Eu sei que estamos em vésperas do 25 de Abril, e não do 25 de Novembro, mas um episódio da série «E depois do adeus», que a RTP1 transmite ao Domingo, traz à liça um facto curioso, sublinhado pelo seu protagonista – Manuel Duran Clemente –, em Nota difundida no Facebook: nunca a televisão tinha transmitido, até agora, em excerto tão longo da sua histórica intervenção, alegando que o registo da mesma se tinha perdido.
Como é sabido, pelas 21:10 de 25 de Novembro de 1975, quando Duran Clemente, segundo-comandante da Escola Prática de Administração Militar, falava na televisão a partir dos estúdios do Lumiar, a emissão foi cortada e passou a ser assegurada pelos estúdios do Porto. começando a ser imediatamente exibido um filme com Danny Kaye... O acontecimento ficou marcado, para sempre, como o símbolo vivo do fim do PREC.
Texto de MDC, publicado ontem no Facebook:
«Ao ver hoje o programa "E depois do adeus" fiquei surpreendido.

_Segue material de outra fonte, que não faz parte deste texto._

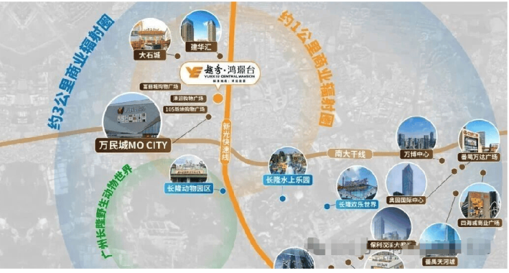 生活便利度是衡量居住品质的重要标尺。越秀·鸿璟台楼下即规划有社区商业街与肉菜市场,日常采买无需远行。步行范围内,万民城MO CITY、105新地购物广场已成熟运营,满足餐饮、零售、亲子等多元需求。稍远一点,万博CBD汇聚天河城、万达广场、四海城等高端商业体,形成番禺最具活力的消费矩阵。此外,项目还辐射长隆旅游度假区与广州南站商务圈,无论是周末休闲还是商务接待,都能轻松应对。这种“家门口烟火气+区域级繁华”的双重配置,在同价位板块中实属稀缺。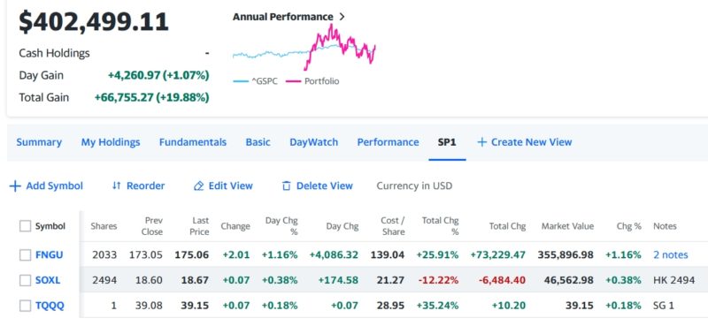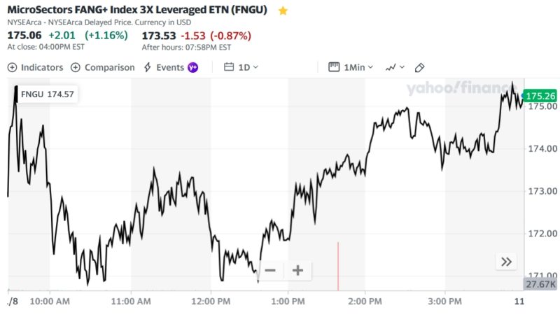 FNGUとSOXLもプラス引け、本日は午前中は下落してスタート、お昼頃から切り返して3時くらいからまた下落しだしたので本日はマイナス引けと思われたがプラス引けで終了。ナスダックは9連騰。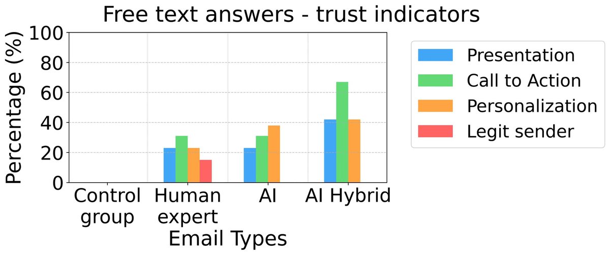 Примечательно, что по одному из показателей доверия письма, созданные только с помощью ИИ, превзошли тексты, написанные экспертами.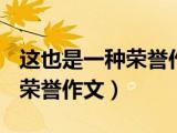 大家好,小东方来为大家解答以上的问题。这也是一种荣誉作文700字左右,这也是一种荣誉作文这个很多人还不知道,现在让我们一起来看看吧!1、 浏览全文>>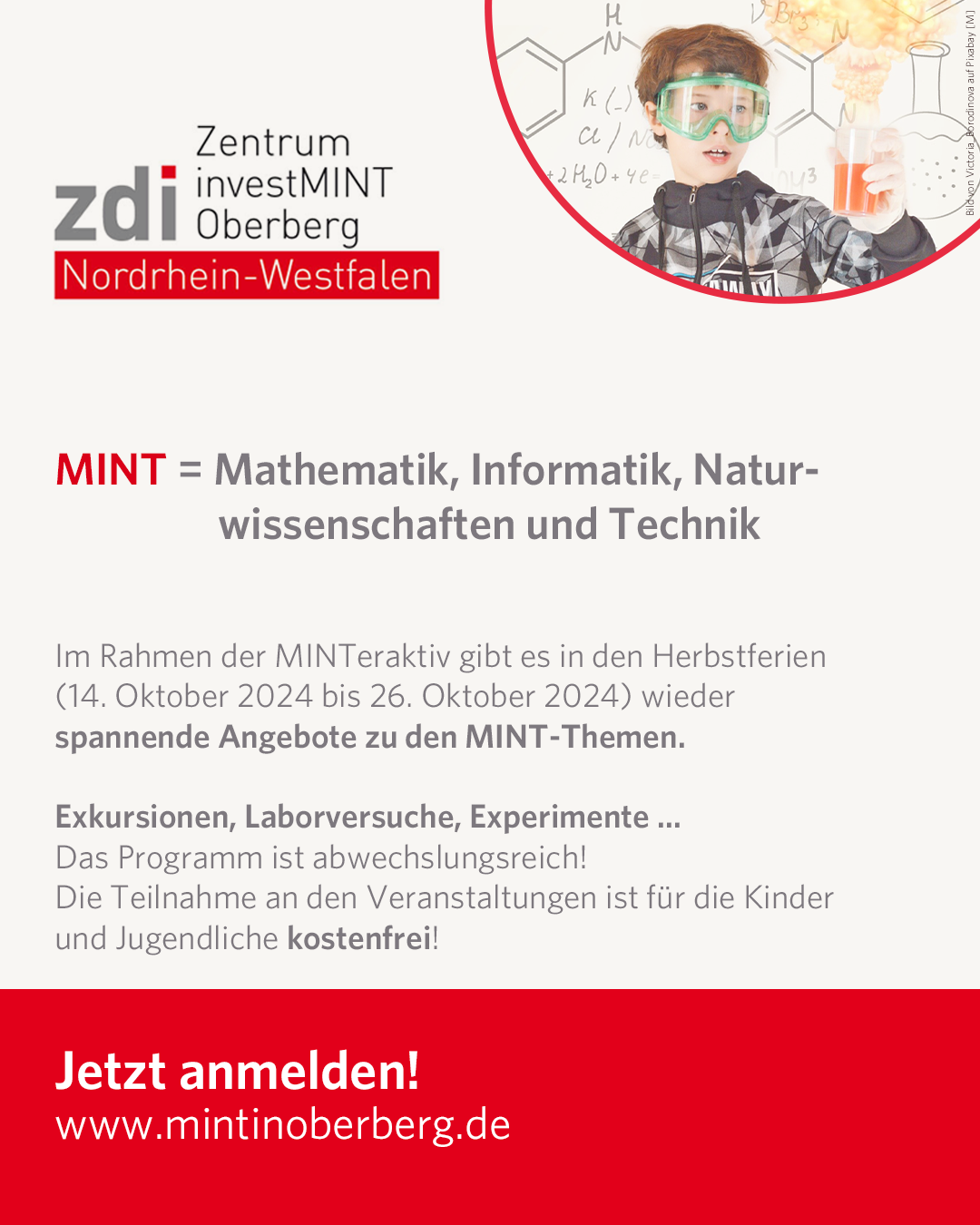 Oberbergischer Kreis. Auch in den Herbstferien 2025 heißt es wieder: Forschen, tüfteln und entdecken! Vom 13.10. – 24.10.2025 lädt das zdi‑Zentrum investMINT Oberberg zur 15. Auflage der Herbstakademie MINTeraktiv ein.
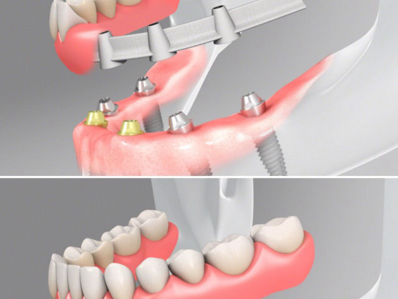 Consiste na reabilitação total de pacientes que perderam todos os seus dentes ou dos que restaram e estão condenados. Pacientes com pouca estrutura óssea também são candidatos a esse tipo de procedimento. Primeiramente, são instalados quatro, cinco ou seis implantes que servem como sustentação para uma prótese total fixa, não havendo a necessidade de instalar um implante para cada dente perdido. Sobre esses implantes é feita uma barra metálica e sobre esta, uma prótese com os dentes e gengiva é parafusada.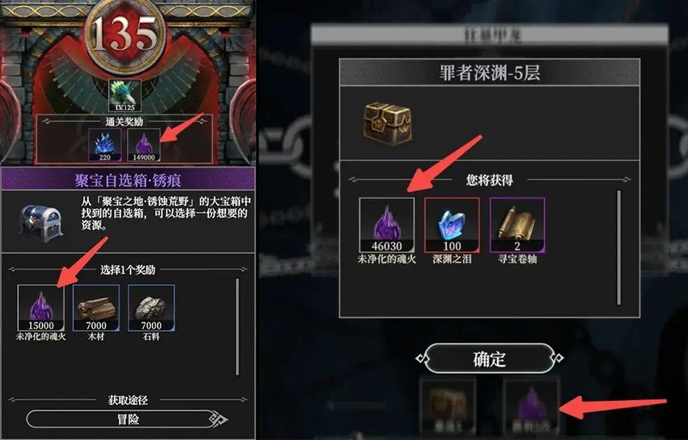 必做:解锁墓穴挑战(爬塔)后优先升级汲魂器,加速魂火净化效率,凝魂石等升级材料主要来源于此。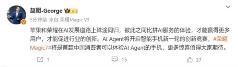 此前,荣耀CEO赵明曾经预测过Magic7系列,并表示这将是第一款中国客户体验AI的产品。 Agent的手机,“领先苹果”。和前东家华为“遥遥领先”的口号完全一样。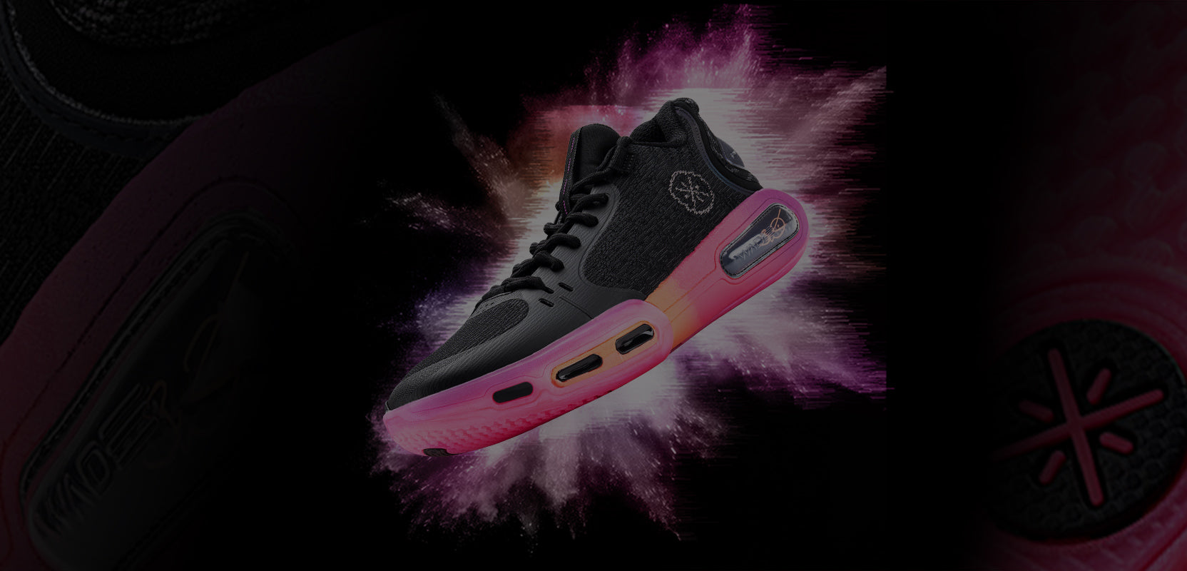Pieza de TPU anti-torsión en forma de horquilla para optimizar la transmisión de fuerza bajo la palma del antepié, combinada con un ángulo de curvatura pronunciado que favorece el flujo de energía durante la transición talón-antepié, logrando así arranques explosivos y saltos potentes.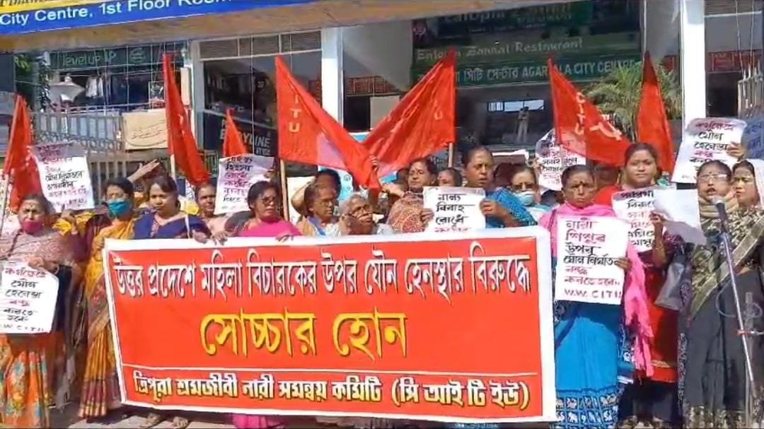 স্যন্দন ডিজিটাল ডেস্ক। আগরতলা। ৩০ ডিসেম্বর: উত্তর প্রদেশে মহিলা বিচারকের উপর যৌন হেনস্থার প্রতিবাদ জানিয়ে রাজধানীতে বিক্ষোভ প্রদর্শন করে সিআইটিইউ অনুমোদিত ত্রিপুরা শ্রমজীবী নারী সমন্বয় কমিটি। এইদিন রাজধানীর সিটি সেন্টারের সামনে এই বিক্ষোভ কর্মসূচি সংগঠিত করা হয়।

Pela primeira vez em 38 anos, passam parte da minha intervenção na RTP. Note-se que eu falei cerca de 10 minutos. Foi pedida pelo tribunal a cópia desta minha intervenção no seu todo, mas nunca foi cedida pela RTP. Foi pedida por mim, comprando-a, nunca me foi disponibilizada – tinha desaparecido da RTP a intervenção completa.
Era a desculpa. Sempre fizeram passar, ao longo dos anos, apenas os últimos momentos da parte "gaga" e final do corte... para desclassificar a intervenção.
Foi bom hoje ver parte da serenidade da minha intervenção, apesar do momento grave, e concluir como se escondem as coisas para denegrir os que têm razão... perante a História. Mais uma reflexão.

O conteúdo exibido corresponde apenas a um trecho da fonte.